Is 'Reinterpret_Cast'Ing Between Hardware Simd Vector Pointer and the Corresponding Type an Undefined Behavior

Is `reinterpret_cast`ing between hardware SIMD vector pointer and the corresponding type an undefined behavior?

ISO C++ doesn't define __m256, so we need to look at what does define their behaviour on the implementations that support them.

Intel's intrinsics define vector-pointers like __m256* as being allowed to alias anything else, the same way ISO C++ defines char* as being allowed to alias.

So yes, it's safe to dereference a __m256* instead of using a _mm256_load_ps() aligned-load intrinsic.

But especially for float/double, it's often easier to use the intrinsics because they take care of casting from float*, too. For integers, the AVX512 load/store intrinsics are defined as taking void*, but before that you need an extra (__m256i*) which is just a lot of clutter.

In gcc, this is implemented by defining __m256 with a may_alias attribute: from gcc7.3's avxintrin.h (one of the headers that <immintrin.h> includes):

/* The Intel API is flexible enough that we must allow aliasing with other
   vector types, and their scalar components.  */
typedef float __m256 __attribute__ ((__vector_size__ (32),
                                     __may_alias__));
typedef long long __m256i __attribute__ ((__vector_size__ (32),
                                          __may_alias__));
typedef double __m256d __attribute__ ((__vector_size__ (32),
                                       __may_alias__));

/* Unaligned version of the same types.  */
typedef float __m256_u __attribute__ ((__vector_size__ (32),
                                       __may_alias__,
                                       __aligned__ (1)));
typedef long long __m256i_u __attribute__ ((__vector_size__ (32),
                                            __may_alias__,
                                            __aligned__ (1)));
typedef double __m256d_u __attribute__ ((__vector_size__ (32),
                                         __may_alias__,
                                         __aligned__ (1)));

(In case you were wondering, this is why dereferencing a __m256* is like _mm256_store_ps, not storeu.)

GNU C native vectors without may_alias are allowed to alias their scalar type, e.g. even without the may_alias, you could safely cast between float* and a hypothetical v8sf type. But may_alias makes it safe to load from an array of int[], char[], or whatever.

I'm talking about how GCC implements Intel's intrinsics only because that's what I'm familiar with. I've heard from gcc developers that they chose that implementation because it was required for compatibility with Intel.
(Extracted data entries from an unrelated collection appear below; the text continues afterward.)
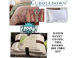 One Cuddledown 100% Percale cotton button closure Queen Duvet Cover. Made in Portugal Machine Wash warm normal cycle. Do not Dry Clean. Superior Sleep Starts with superior bedding. Cuddledown travels the world to bring unsurpassed quality and comfort that make their fine linens genuinely special. You will love the experience of incredible sleep and lasting luxury with this cuddledown cover.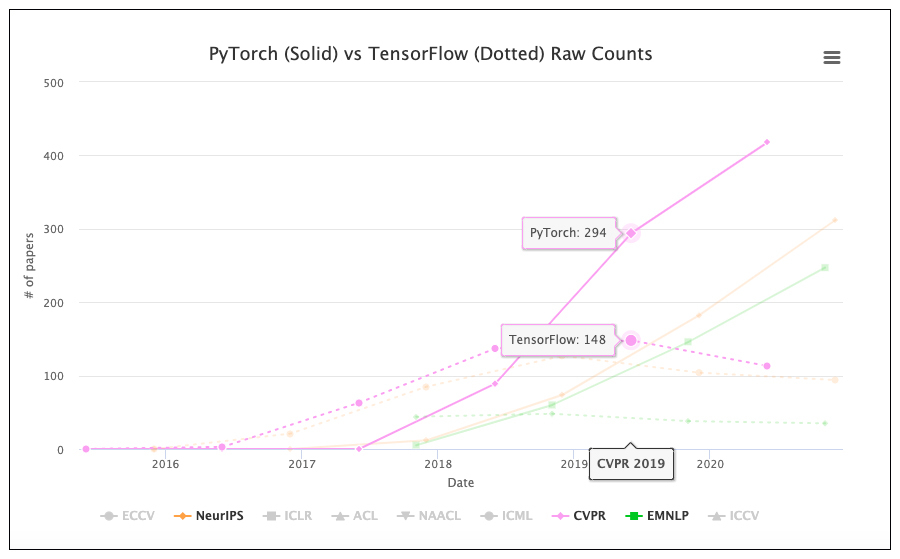从学术界来看,2019年之前,TensorFlow还是各大顶会论文选择的主流框架,而2019年之后,顶会几乎成了PyTorch的天下,此消彼长,PyTorch只用了一年的时间。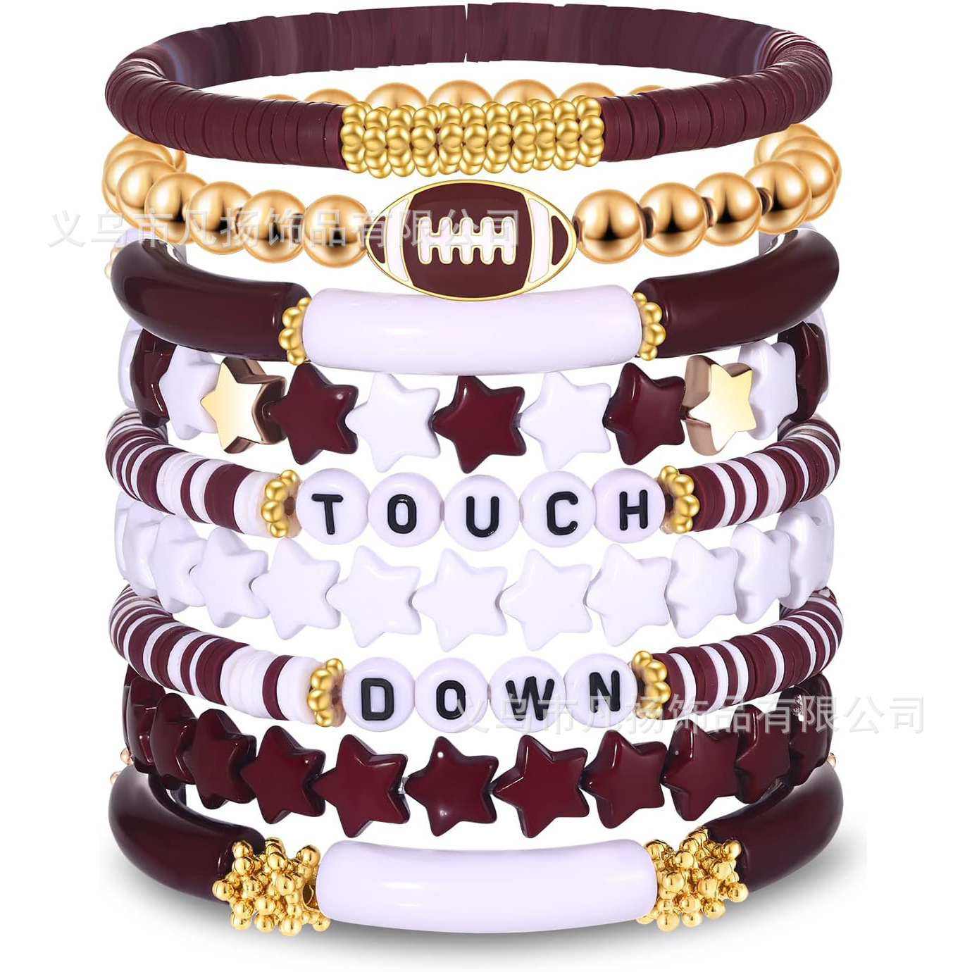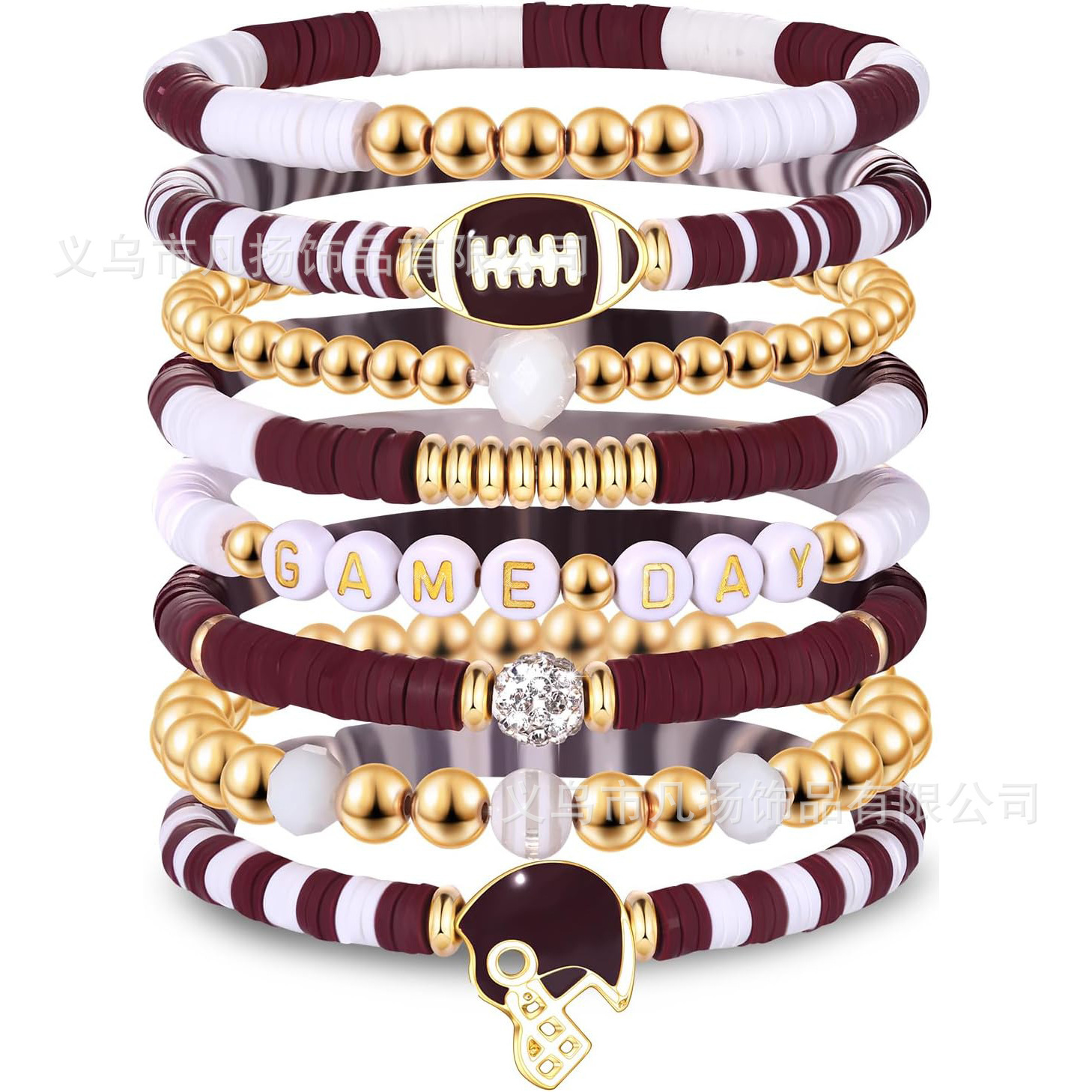 in stock Amazon Super Bowl Football Multi-Layer Bracelet Bracelet suit Crystal Five-Star Soft Ceramic Bracelet

Other behaviour Intel's intrinsics require to be defined

Using Intel's API for _mm_storeu_si128( (__m128i*)&arr[i], vec); requires you to create potentially-unaligned pointers which would fault if you deferenced them. And _mm_storeu_ps to a location that isn't 4-byte aligned requires creating an under-aligned float*.

Just creating unaligned pointers, or pointers outside an object, is UB in ISO C++, even if you don't dereference them. I guess this allows implementations on exotic hardware which do some kinds of checks on pointers when creating them (possibly instead of when dereferencing), or maybe which can't store the low bits of pointers. (I have no idea if any specific hardware exists where more efficient code is possible because of this UB.)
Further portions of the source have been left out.